The Friends Church in Trenton was built in 1739 and has been in use since then. I decided to attend after realizing I would never be able to go to Princeton Presbyterian – one of the head pastors had made a comment about my outfit and how I would no longer be able to wear my yellow floral sundress after Labor Day. I am completely uninterested in my appropriate church clothes being policed based on color. Plus, I found the worship to be too formal to feel familiar to me. So, I went to see the Friends in Trenton because I was wrestling with the pain of feeling excluded and alone.
I arrived and was instantly greeted by a couple – they commented about how much they liked my shoes (Doc Marten oxfords). About 6 people attended the meeting in-person. The meeting was an hour and a half long and I was the only one who was moved to share that day. I talked about acceptance and used my shoes as a metaphor. I shared a scripture that was on my heart.

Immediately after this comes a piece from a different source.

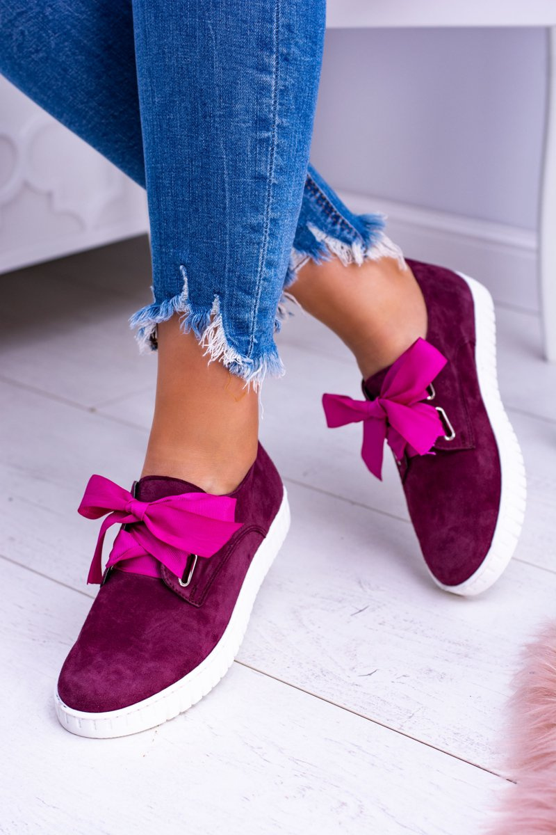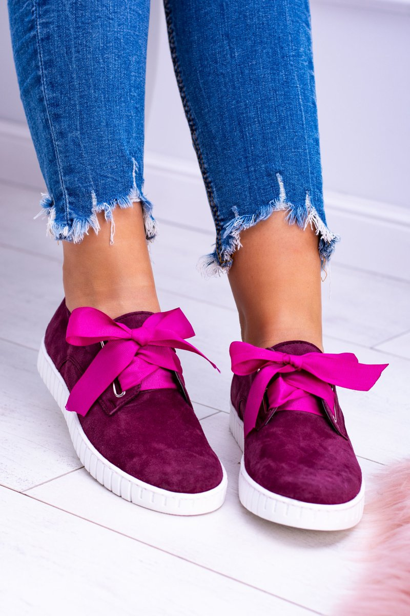 Opinie o Bordowe Skórzane Damskie Tenisówki Loop

After the meeting, we shared an entire meal together. Like a full breakfast meal. We talked about everything and they shared some potential churches that would be a good fit for me, if I chose to not attend their meeting. I found myself, (Presbyterian Doc-Marten-Wearer) seated at their table laughing with strangers in an old meeting house in the poorest zip code in New Jersey.
God’s presence is not afraid of pain, as Jesus Christ has experienced our pain for us. It seems that the Trenton Friends are not afraid of pain, because their trust in God’s love makes them unafraid of anything.
Do not be afraid of sadness, as it tends to sit right next to love.
This message was given to Spokane Friends by Sarah Scott during Sunday worship service on January 7, 2023.